En cuanto a China, Shangai y Beijing están mostrando indicios de que se convertirán en los futuros centros tecnológicos del mundo, apunta Klein, pues cuentan con el apoyo financiero del gobierno chino para impulsar la investigación y desarrollo de proyectos, juntos con las incubadoras y aceleradoras tecnológicas.  Sin embargo, insiste en que se debe destacar que la investigación demuestra que la educación china no tiene la calidad de otros países desarrollados, y que eso puede ser un freno y que estos potenciales centros de innovación retrasen su gran explosión. Otra desventaja señalada por Klein es que el gigante asiático tiene una concepción distinta de innovación a la que se tiene en occidente, pues su foco sigue estando en copiar lo que ya ha sido creado por otros países, y hacer una versión propia, más que crear algo novedoso.

Por ejemplo, China se considera el país con el sistema de vías férreas y trenes más moderno del mundo, con unos 30.000 kilómetros de vías, pero lo cierto es que esa tecnología viene de Francia y Japón, en vez de haber sido creada allí.

Edward Yae afirmó que “Hong Kong es una realidad única, es un puente entre China y Occidente, somos miembros de la Organización Mundial del Comercio, vivimos para el comercio y, aunque pequeños, somos un jugador significativo en el mundo”.  Con gran acierto explicó que el libre comercio no es exactamente gratis, ni siquiera para Hong Kong, donde su práctica está profundamente extendida, y así lo entienden todas las naciones que lo practican.
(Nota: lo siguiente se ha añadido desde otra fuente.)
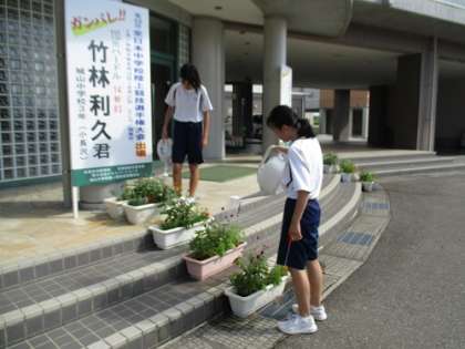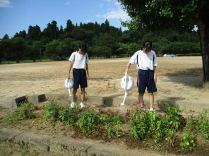ボランティア委員が花の水やりをしています。今日の当番ではない生徒も手伝ってくれました。ありがとう!!

Cada país o región es más competitiva en un área que en otra; por lo tanto, se entiende que se va a ganar en esas áreas donde se es más competitivo, y a perder en las que no se es tan competitivo. Para ello se pueden usar los impuestos, como lo ha hecho Hong Kong reduciéndolos a la mitad para incentivar el comercio y atraer empresas extranjeras.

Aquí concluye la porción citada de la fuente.